如今他进益到五阶,可不是恢复实力么。
一时之间, 凤陵越有点羡慕起林非潼来。
“看来你们在勾魂崖下, 经历了良多。”
衡楚楚紧跟着道:“潼潼, 待明日融合了异火,你可要好好和我们说说崖下的事。”
“没问题。”林非潼想到什么,征求地看了满月一眼,他轻颔首后,她正式向另外两人介绍道,“日后你们叫他满月就好。”
“满月……”衡楚楚喃喃,亮晶晶地望着他,“原来这是你的名字啊。”
凤陵越眼里划过了然。难怪他感觉林非潼和满月之间的契约更稳固了。
林非潼转头看向满月:“接下来你去息壤里面休养,巩固好修为,再回凌元峰找我。”
两人实力增长后,可以拉开的距离更远了。
满月点头:“好。

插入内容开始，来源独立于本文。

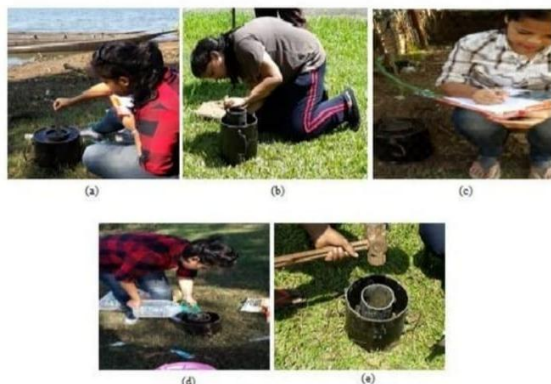
Fig. Process of Infiltration Process

down the readings, Figure 2(d) shows filling the cylinders with water and Figure 2(e) shows the digging of cylinders into the soil. These pictures also show the different sites where the experiments have been carried out and with different soil cover.

”
“那我们走了。”林非潼潇洒地一摆手,率先离开。
路上,他们远远碰上了一个提着粪水,正要去浇灌灵田的男人。
他穿着外门弟子的灰色麻衣,本来温润疏朗的面孔此刻晦涩阴沉,身材也清减了许多。
“那是……于天成?”衡楚楚小声问。
林非潼看了一眼:“嗯。”
“看来宗门对他的处罚,是把他逐出了内门。”衡楚楚解气地道,“活该,让他对你下死手。”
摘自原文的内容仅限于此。